In our experiment, we utilised the IDS2017 dataset [unb]. The dataset contains common attacks including Bruteforce, DoS, and Botnet, among others. The dataset includes PCAP packet data as well as CSV data sheets with analytical features that have been preprocessed. Focusing on packet-level detection, we will only utilise binary packet data and extract necessary data from this dataset using TShark. The processed and transformed data must then be applied to PM as event logs. In this paper, we only consider TCP data. We will keep two attributes for the event logs, the first attribute is the packet flags information; the second will be the are labels which indicate whether a packet is sent from the server (S) or the client (C).

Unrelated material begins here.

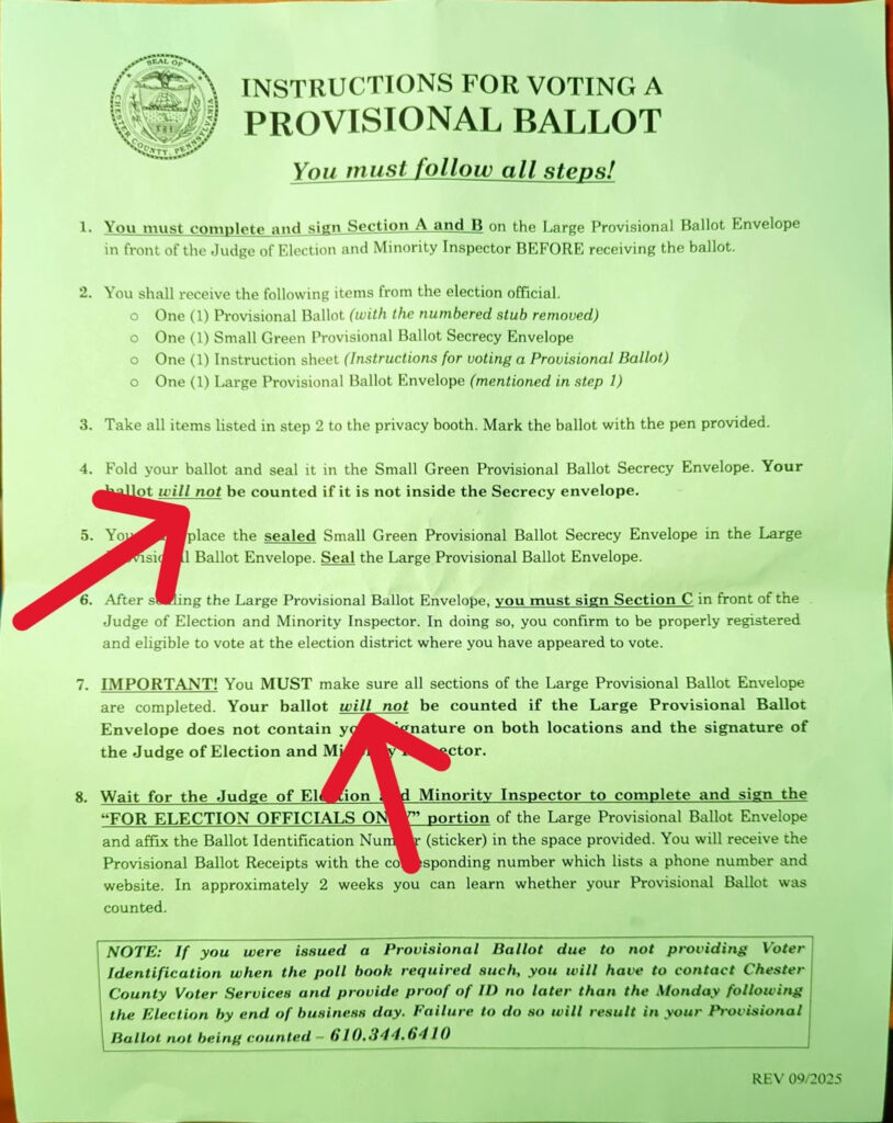 The instructions for voting with a provisional ballot clearly state that votes will not be counted if the ballot is not inside the secrecy envelope or if the voter’s signature is not in both locations.

First, we filtered out invalid packets that do not use the TCP protocol or were missing data in part. Second, we reconstructed each case based on the socket pair (source IP_Port and destination IP_Port) and assigned a unique case ID to each flow. A case in PM is essentially an instance of a series of actions/activities. In network traffic, we define it as a series of packets within a connection; therefore, in subsequent contexts, we may refer to the case as the network flow. The TCP header flags will then be converted into human-readable strings, such as ACK (for ACK flag sets) or ACK.FIN (for ACK and FIN flags set). We define a complete flow as one in which the SYN flag is set at the beginning and the RST or FIN flag is set at the end; thus, all cases that do not begin with SYN or do not contain RST/FIN will be discarded.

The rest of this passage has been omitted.